引用:「汉字密码」(P300、唐汉著,学林出版社)



 「海」は説文では「天の池」という。百の川を納めるものを以って、水と毎の音声からなる。
 しかし海の字は形声字ではない。それは水と毎とで構成する会意文字である。
 「毎」は上古時代には、、氏族社会での年齢の最長で、多くの子孫を育て上げた女性を指す。毎を用いて海の組字の構成要件とするは、海に百の川を与えて天の池とする意味と無関係ではない。
 古人の印象では海は大地の尽きるところであり、而して大地は四角張って、大地の周りを取り囲んだ四辺には必ず四海がある。いわゆる海は拡張されて、大地の尽きるところになる。海は大地の縁の果ての外の水域と見られた時は海に接近する地方もまた海と見られた。

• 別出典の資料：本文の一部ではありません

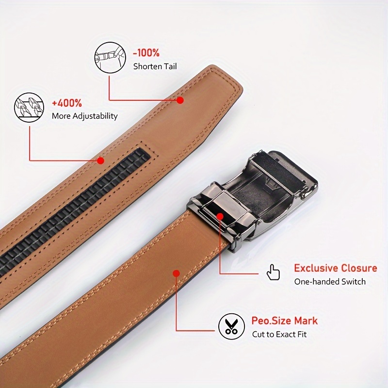 2026 Hot Selling Men’s Genuine Leather Dual-Layer Ratchet Belt – Automatic Buckle, Adjustable Belt, Suitable for Pants, Jeans, and Business | Durable Belt, Ideal for Office, Travel, Weddings, and Daily Wear | Perfect Gift for Men

 漢の高祖劉邦の《大風歌》の中に、「大風起こり風雲揚す。威海内に加わり四方を守る。」ここの海内は四海が囲んだ中央の国土を指す。この意味から拡張して、海の字はまた「海関、海外、海口」の如く、国境を指す。
 現代漢語の中で、海は海海、里海の如く、大きな湖、庭園内の水池また大海碗の如く比較的大きな器皿或いは人、または事物が多く集積して広く集まった時も「雲海、学海、麦海などなどの如く海という。